To make sure that buffer overflow does not occur, the new string safe functions should be used. These are the StringCch functions . If you must use the unsafe strcpy, strcat, gets etc functions then you need to make sure that the memory allocated for the destination is large enough to hold what is going to be copied to it.
In your case you are probably overwriting code so that is why your program is crashing.
Can anyone explain why this is inconsistent, or what I am misunderstand?
Here is what you're misunderstanding: you're using C++.
When you overwrite memory like this in C++, there is no guarantee how your program will behave. Unlike other computer languages, with C++ (and C) you do not get an automatic "crash" or "message box" or some other error indicator when you do these "tricks" at runtime.

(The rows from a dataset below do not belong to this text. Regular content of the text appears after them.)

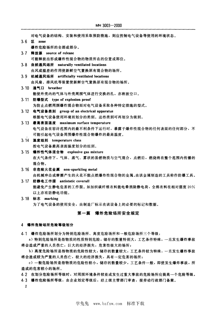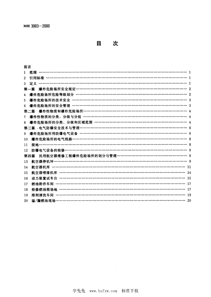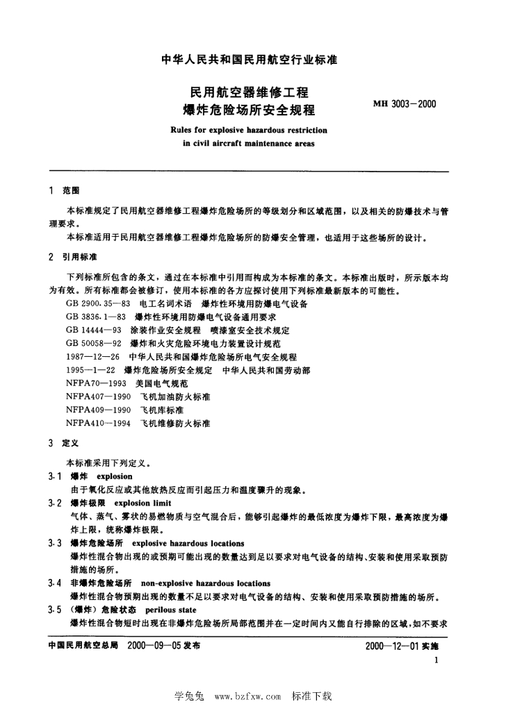 MH/T 3003-2000 民用航空器维修工程爆炸危险场所安全规程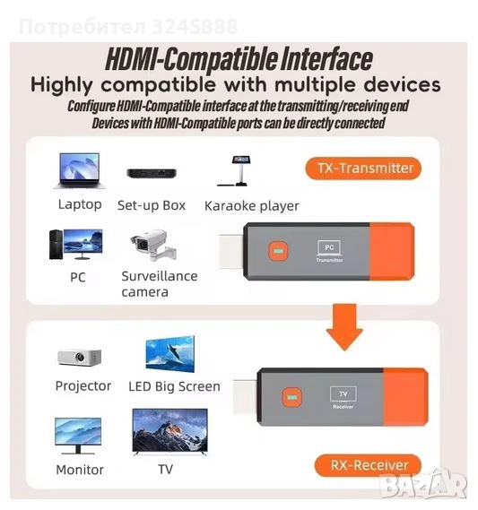 Нов HDMI безжичният предавател предава аудио и видео сигнали с HD висока резолюция 1080р чрез собствена своя 5G WiFi мрежа, а видеоклипове с висока разделителна способност от компютри или други мобилни устройства се предават чрез това WiFi на друг екран - телевизор, монитор или видео проектор на разстояние 30 метра. Основни характеристики: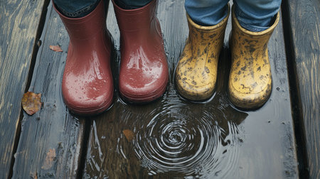 Two children wearing colorful rubber boots stand in a rain puddle, creating ripples. The scene captures the joy of outdoor play and childhood adventures in nature.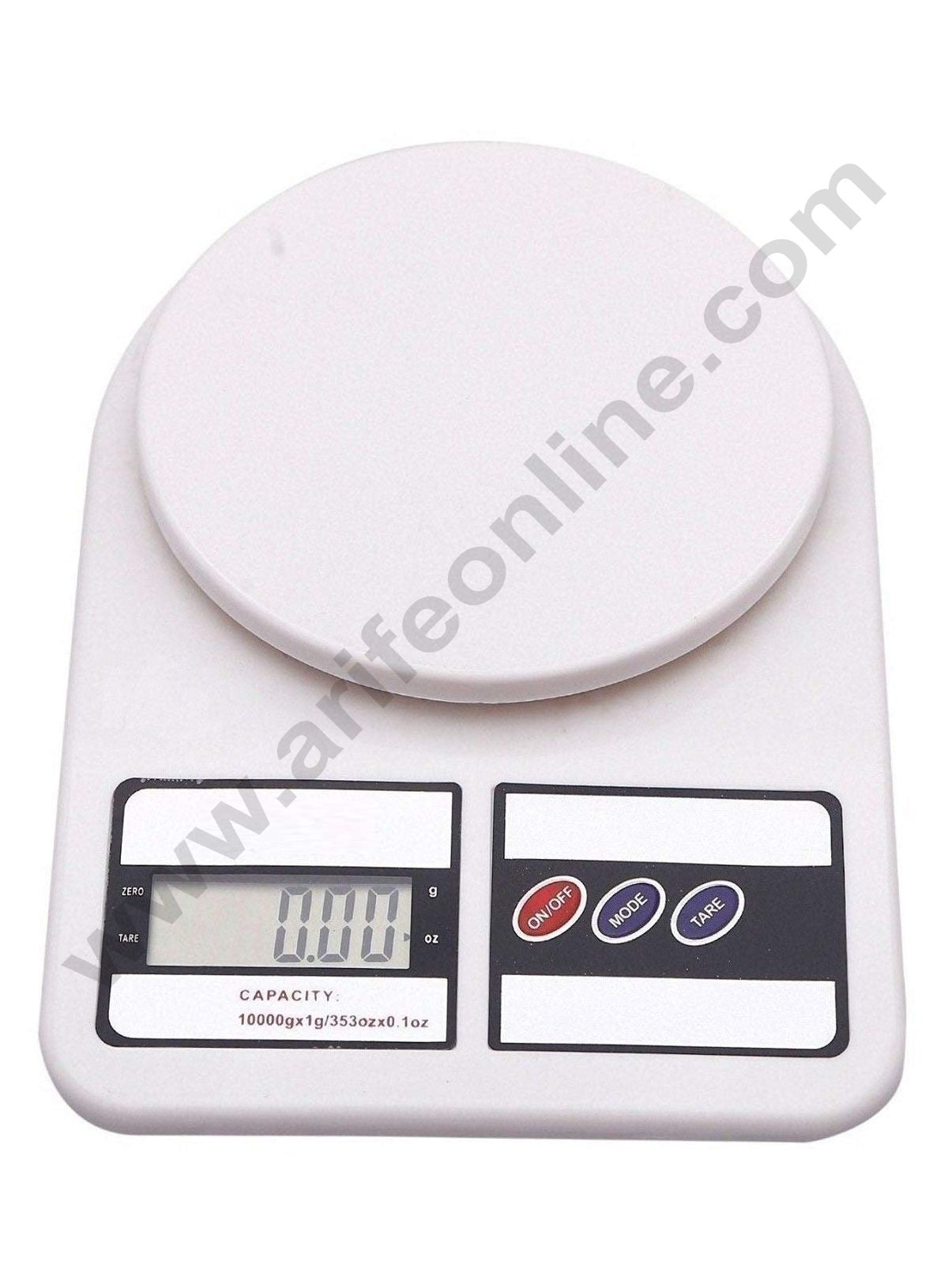 Cake Decor Electronic Kitchen Digital Weighing Scale, Multipurpose (White, 10 Kg Round)

You can do all sorts of illegal (but compilable) things in C++, and all seems to work -- until you try to run that program somewhere else, or you run the program at a different time of day, or you run that program on a customer's machine, or you change a couple of lines of code that are totally benign, but the program then crashes.
Haven't you heard of programs that run perfectly in-house, and then when you go take that program to the customer site, things crash? It's situations just like this that causes those issues.
C++ has something called undefined behaviour, meaning exactly that -- you write code that does something that isn't defined as to what will happen, and guess what? You don't know what will happen.
Last edited by Paul McKenzie; January 14th, 2013 at 03:12 PM.
Right, however, this is Win32 API. To avoid dependency on Win32, strcpy_s() from the C++ runtime library can be used as an alternative. It's still MS-specific (AFAIK), however.
Yes, it's an MS-specific recommendation that never made it to the new C11 standard. The C standard has had strncpy for years. Use that, if you desire fixed length fields... Just be aware that unlike the non-portable strcpy_s, strncpy might not append a null terminator to the end of your string. If you want that guarantee, end your fixed length field one byte earlier and put the terminator there yourself.